In other words: The simplicity with which you build trust in your relationship parallels your demonstrated convictions in the cyber world.  According to relationship therapist Joy Davidson, Ph.D., who also hosts the online video series The Joy Spot about human sexuality, reliability doesn’t become more precarious because we have new and more abundant ways of breaching it.  “In any relationship, there’s trust or limited trust or boundaries of trust—and all of that comes from the same experiences in one’s life and relationships as it did in the old days before technology was a prevalent communication medium,” she says.  Multiple messaging options serve to validate our trust in someone or provide opportunities to show they’re untrustworthy.  If anything, Dr. Davidson feels we’re better off now than we were before these mediums existed.  “A person’s character has more ways to shine through in the manner in which they use technology,” she says.  And the way a person uses technology (his behavior) says just as much about him as the message (or words) he’s sending.

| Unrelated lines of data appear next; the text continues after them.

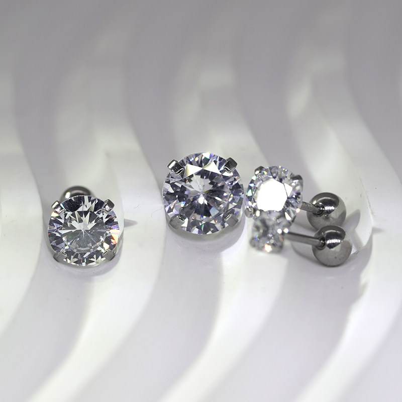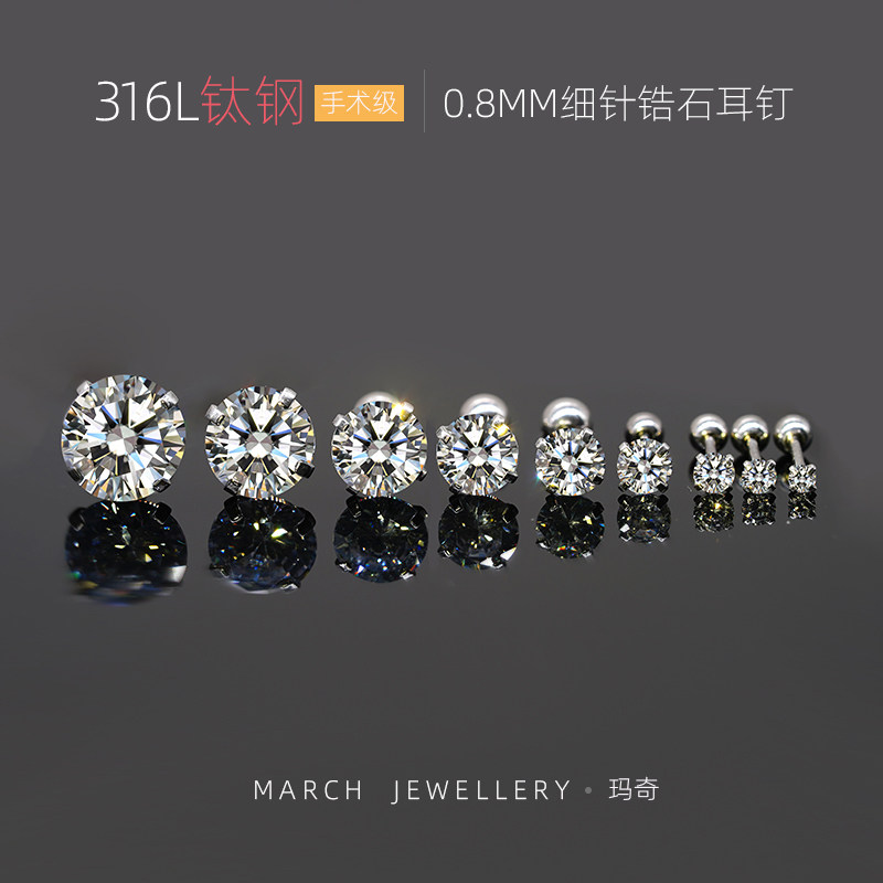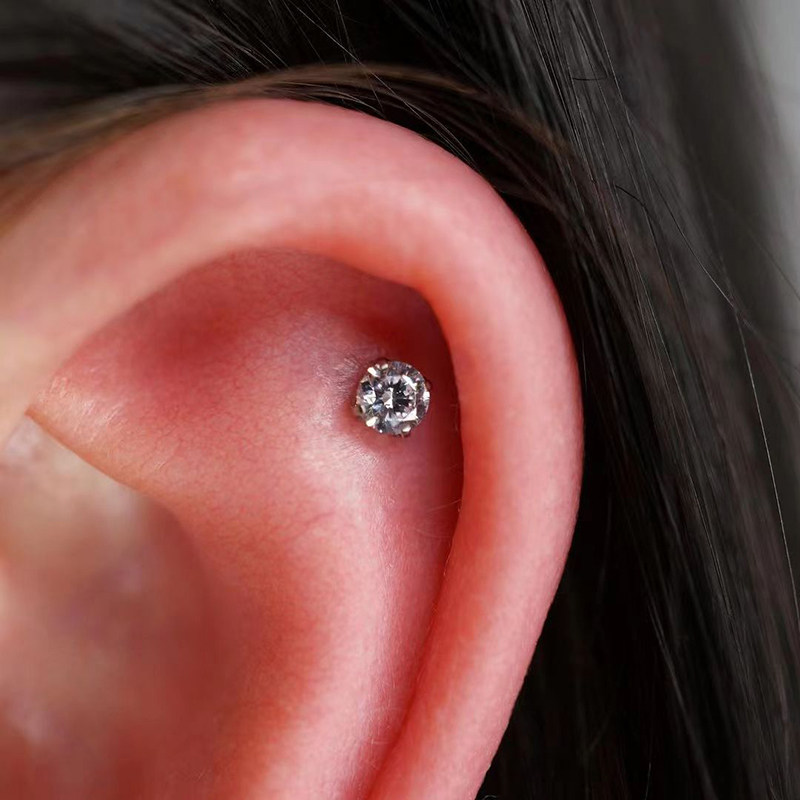 0.8mm细杆钛钢锆石耳钉小耳骨钉睡觉免摘防敏细针耳屏耳轮钉男女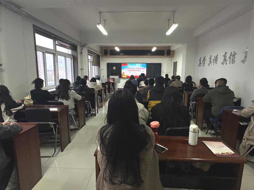 为认真学习贯彻习近平总书记关于深入贯彻中央八项规定精神学习教育的重要讲话和重要指示精神,在全党开展深入贯彻中央八项规定精神学习教育之际,4月11日,公司研究生党支部书记位宇洋在第三教学楼816教室为支部全体党员讲授“深入贯彻中央八项规定精神 加强党的作风建设”的专题党课。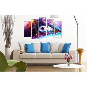 Quadro Decorativo Mosaico 5 Peças Mod1342 Olho Roxo Sombra Tamanho & instalação Tamanho total: 105cm comprimento x 60cm altura 1 peça central: 20x60 cm 2 peças laterais: 20x50 cm 2 peças laterais 20x40 cm Espaçamento entre as peças: 2 cm A instalação é bem simples, pois acompanha suporte para fixação em pregos ou parafusos, conforme queira. Para limpeza, utilize apenas um pano umedecido com água sem produtos químicos para garantir a durabilidade. Impressão & acabamento Nossos quadros são impressos em adesivo alto brilho, aplicado em mdf com espessura de 6mm. Não necessita de moldura, pois o acabamento das bordas laterais é feito em preto fosco no mdf - leia a descrição, possivelmente todas suas dúvidas estão nela. Decore sua sala, quarto, cozinha ou presenteie seu amigo com o quadro mosaico 5 peças mdf 6mm. Sua casa nunca mais será a mesma, coloque estilo onde você passará seus melhores momentos. Sua casa é seu espaço, seu aconchego, e quem olha pra ele tem que saber que ele é seu Sendo assim a eco decor criou pra você uma enorme variedade em quadros decorativos de cores e desenhos que seguem as últimas tendências de decoração. Decore seu espaço, seja com quadros para sala, quadros para área gourmet, quadros para quarto, quadros infantis, aqui você encontrará o que deseja artes descoladas, exclusivas e a preços acessíveis. Esperamos que se sinta à vontade e encontre aqui o seu estilo, e ao olhar pra o seu ambiente, seja ele qual for - possa dizer: agora meu ambiente está completo Material papel - adesivo vinílico fosco premium Tipo de impressão - impressão fotográfica em plotter digital de alta resolução com técnologia latex hp - a melhor do mercado em durabilidade. Finalização e acabamento - os quadros acompanham traves de mdf6mm para fixação na parede, basta apoiá-las sob os pregos ou parafusos não acompanha pregos ou parafusos Marca: Eco Decor Ean: 7891107304206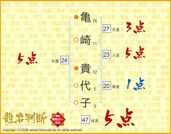 亀崎貴代子さんの総運は47画の5点!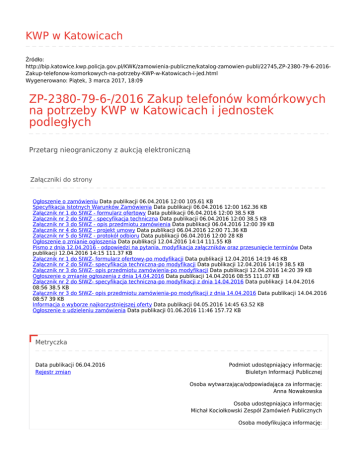 KWP w Katowicach Źródło: http://bip.katowice.kwp.policja.gov.pl/KWK/zamowienia-publiczne/katalog-zamowien-publi/22745,ZP-2380-79-6-2016Zakup-telefonow-komorkowych-na-potrzeby-KWP-w-Katowicach-i-jed.html Wygenerowano: Piątek, 3 marca 2017, 18:09 ZP-2380-79-6-/2016 Zakup telefonów komórkowych na potrzeby KWP w Katowicach i jednostek podległych Przetarg nieograniczony z aukcją elektroniczną Załączniki do strony Ogłoszenie o zamówieniu Data publikacji 06.04.2016 12:00 105.61 KB Specyfikacja Istotnych Warunków Zamówienia Data publikacji 06.04.2016 12:00 162.36 KB Załącznik nr 1 do SIWZ - formularz ofertowy Data publikacji 06.04.2016 12:00 38.5 KB Załącznik nr 2 do SIWZ - specyfikacja techniczna Data publikacji 06.04.2016 12:00 38.5 KB Załącznik nr 3 do SIWZ - opis przedmiotu zamówienia Data publikacji 06.04.2016 12:00 39 KB Załącznik nr 4 do SIWZ - projekt umowy Data publikacji 06.04.2016 12:00 71.36 KB Załącznik nr 5 do SIWZ - protokół odbioru Data publikacji 06.04.2016 12:00 28 KB Ogłoszenie o zmianie ogłoszenia Data publikacji 12.04.2016 14:14 111.55 KB Pismo z dnia 12.04.2016 - odpowiedzi na pytania, modyfikacja załączników oraz przesunięcie terminów Data publikacji 12.04.2016 14:15 111.37 KB Załącznik nr 1 do SIWZ- formularz ofertowy-po modyfikacji Data publikacji 12.04.2016 14:19 46 KB Załącznik nr 2 do SIWZ- specyfikacja techniczna-po modyfikacji Data publikacji 12.04.2016 14:19 38.5 KB Załącznik nr 3 do SIWZ- opis przedmiotu zamówienia-po modyfikacji Data publikacji 12.04.2016 14:20 39 KB Ogłoszenie o zmianie ogłoszenia z dnia 14.04.2016 Data publikacji 14.04.2016 08:55 111.07 KB Załącznik nr 2 do SIWZ- specyfikacja techniczna-po modyfikacji z dnia 14.04.2016 Data publikacji 14.04.2016 08:56 38.5 KB Załącznik nr 3 do SIWZ- opis przedmiotu zamówienia-po modyfikacji z dnia 14.04.2016 Data publikacji 14.04.2016 08:57 39 KB Informacja o wyborze najkorzystniejszej oferty Data publikacji 04.05.2016 14:45 63.52 KB Ogłoszenie o udzieleniu zamówienia Data publikacji 01.06.2016 11:46 157.72 KB Metryczka Data publikacji 06.04.2016 Rejestr zmian Podmiot udostępniający informację: Biuletyn Informacji Publicznej Osoba wytwarzająca/odpowiadająca za informację: Anna Nowakowska Osoba udostępniająca informację: Michał Kociołkowski Zespół Zamówień Publicznych Osoba modyfikująca informację:

Dr. Davidson, however, does forewarn against abusing the ease and immediacy with which we trust another person as we build tech-driven relationships.  “Having multiple options can mean using them in lieu of genuinely connecting,” she reminds.  “There’s a misunderstanding that if we send five emails, we’ve connected, but we’ve just exchanged information in isolation.  Don’t mistake techno-connection for genuine connection.”  Toss the illusion that you’ve spent more time with this man than you have.  According to Dr. Davidson, there’s a tendency among women to imbue a partner with more faith this way than if you were to have spent just as much time with him, minus techno-intervention.  So while it’s true that emailing and text messaging can help you know someone better, it doesn’t mean you’ve known them longer—or have been able to learn anything about them that they aren’t willing to share on-screen.  “Real trust is developed over real time, based on behavior,” she insists.  “It’s about how it comes through for you in actual practice and what you intuit about a person in actual behavior.”  Trust is not wishful thinking, but based in action and self-confidence, that coveted POV which refuses to let an outside force knock your soul off balance.  The amount of heartfelt belief you have in each cyber relationship is proportionate to how much trust you invest in yourself.